A compulsion is something that you feel like you have to do to escape intense distress or prevent a feared outcome from occurring. Some compulsion might be visible but many of these compulsions are internal; mental. It’s the release valve that lets out the tension of an intrusive or obsessive thought and provides you with a temporary sense of control and safety. You don’t choose to do it because you enjoy it; you default to it because otherwise, you feel as though there’s no way out.
The OCD brain harps on intrusive thoughts like a dog with a bone, refusing to let go: I just cleaned that counter, but I just know there’s still bacteria on it. I can practically see it. That raw chicken we cut up yesterday is still there. I know it’s there. Reasoning with yourself doesn’t work, so you listen to that impulse to do something compulsive. The relief is temporary, but it’s real, so the behavior becomes a habit you often turn to when you’re faced with what you see as a contaminated counter.
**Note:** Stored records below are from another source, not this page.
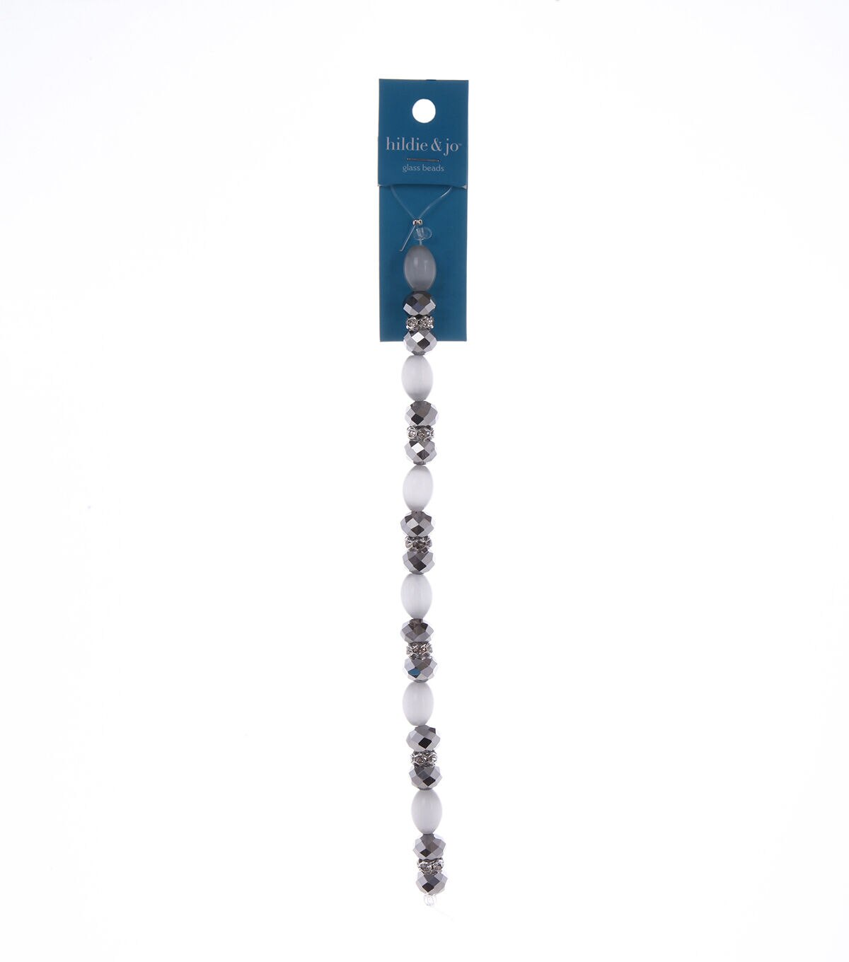 The hildie & jo Glass & Metal Crystal Cat's Eye Bead Strand - Gray will make your handmade jewelry pieces stand out. This pack includes a strand of oval cat's eye beads that glow and change appearance with light. It contains a 7-inch strand contains with gray cat's eye beads, 12 crystal rondelles and six metal and crystal spacer rondelles. You can use them to design lovely necklaces, bag charms, danglers and more.
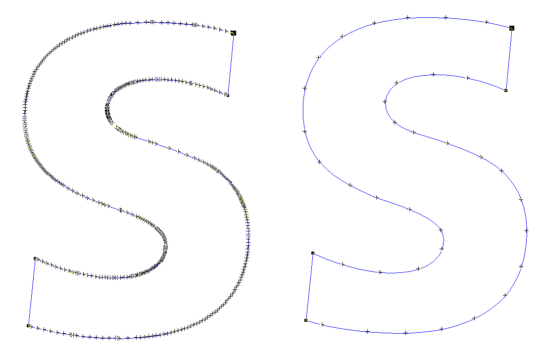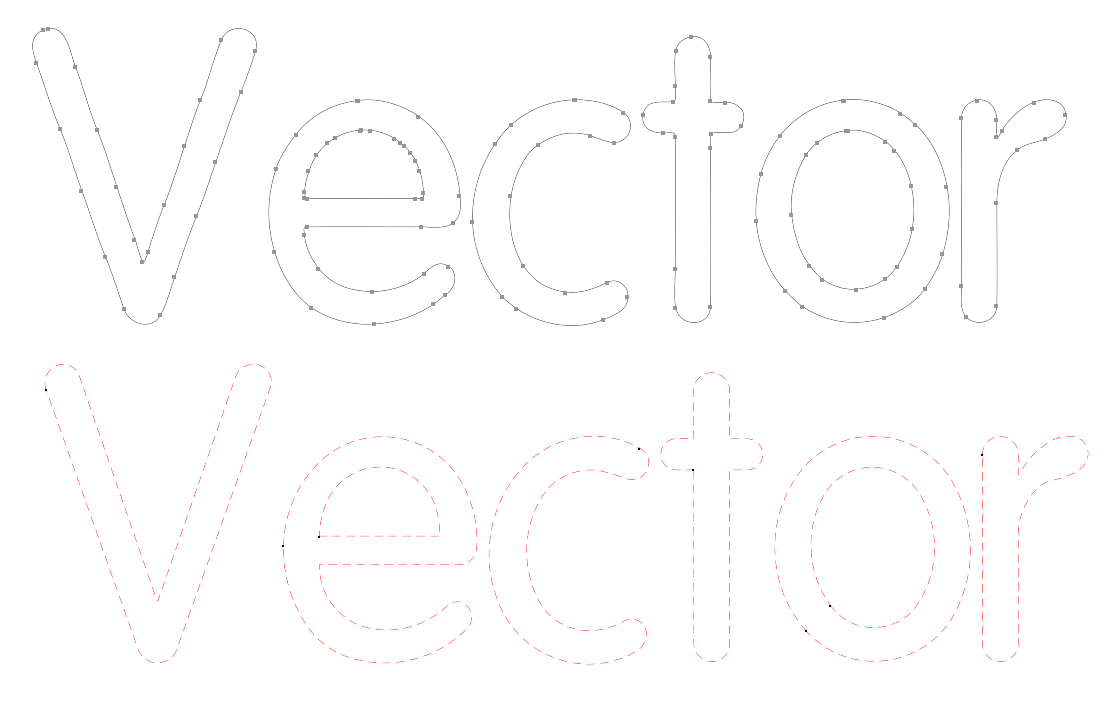 Optimize VectorsThe third and final data clean up option is Optimize Vectors. This will convert the artwork to lines and arcs, while minimizing the number of vectors. Multiple arcs will be converted to a single arc and extra points on a line will be deleted. Optimize Vectors is similar to Recreate with Bezier Curves, but with arcs and lines only. If additional vector editing is needed, and you prefer to work with arcs and lines, then this is the right tool to use.
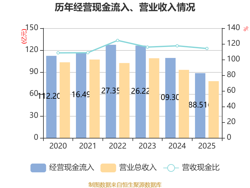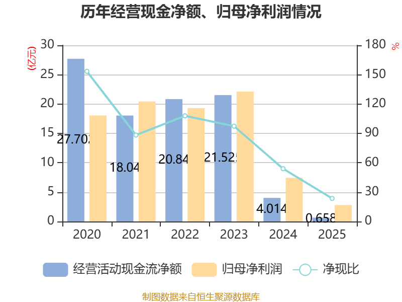 截止2025年,公司接头行径现款流净额为6578.01万元,同比下跌83.61%;筹资行径现款流净额-19.52亿元,同比减少5.11亿元;投资行径现款流净额-18.27亿元,上年同时为-57.03亿元。
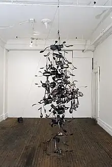 They include spoons made by hand from cut and hammered copper that are strung up in elaborate hanging sculptures resembling mobiles or chains.[7] Collaborating with the artist’s mother to make Mother’s Spoons, Humphrey would shape spoons in celluclay then pass them along to her mother to alter with wire. The resulting lines mimic the movements of hands doing domestic tasks like stirring, folding, or nursing.[8]
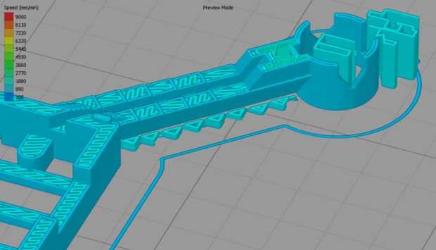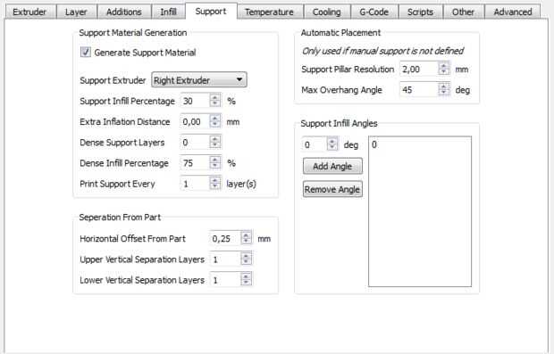 Para la impresión utilicé una impresora de 4 x de Wanhao duplicadora. It´s similar a makerbot. Para el material del filamento elijo PLA porque it´s más fácil de usar para principiantes. Si usted quiere una construcción más robusta, mejor elegir un material diferente. Para rebanar software uso Simplify3D, muy fácil de usar y crea muy buenas impresiones. Cuesta un poco de dinero pero it´s vale la pena al final. Manual define la estructura de soporte por ejemplo y encontrar en las imágenes.
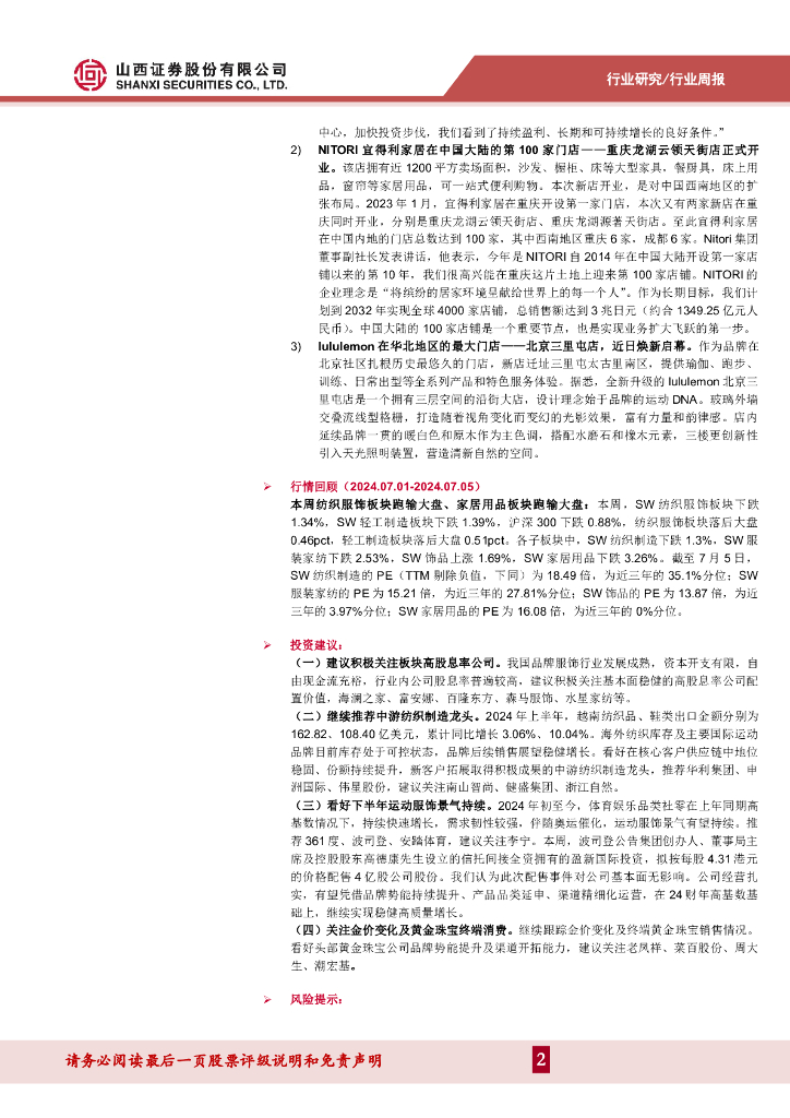 山西证券:纺织服装行业周报:2024H1越南鞋类出口同比增长10%,配售不改波司登长期经营趋势.pdf

Because compulsions become second nature, it can be hard to know if you’re doing a compulsion or simply coping with your OCD. If you’re not sure, compare your suspected compulsion to this checklist, paraphrased from the National Institute of Mental Health:
If you experience compulsions, be compassionate with yourself. Feeling like you are not able to resist them isn’t a sign of weakness — it’s a normal response to a natural neurological response.
Compulsions are a kind of negative psychological reinforcement, not entirely different from the coffee habit you’ve developed. You feel tired; you drink coffee; you feel less tired. The next morning when you feel tired, you reach for the coffee, and you feel less tired again. You could choose to go to bed earlier and get more sleep so you’re better rested — or you could keep drinking coffee to pep yourself up.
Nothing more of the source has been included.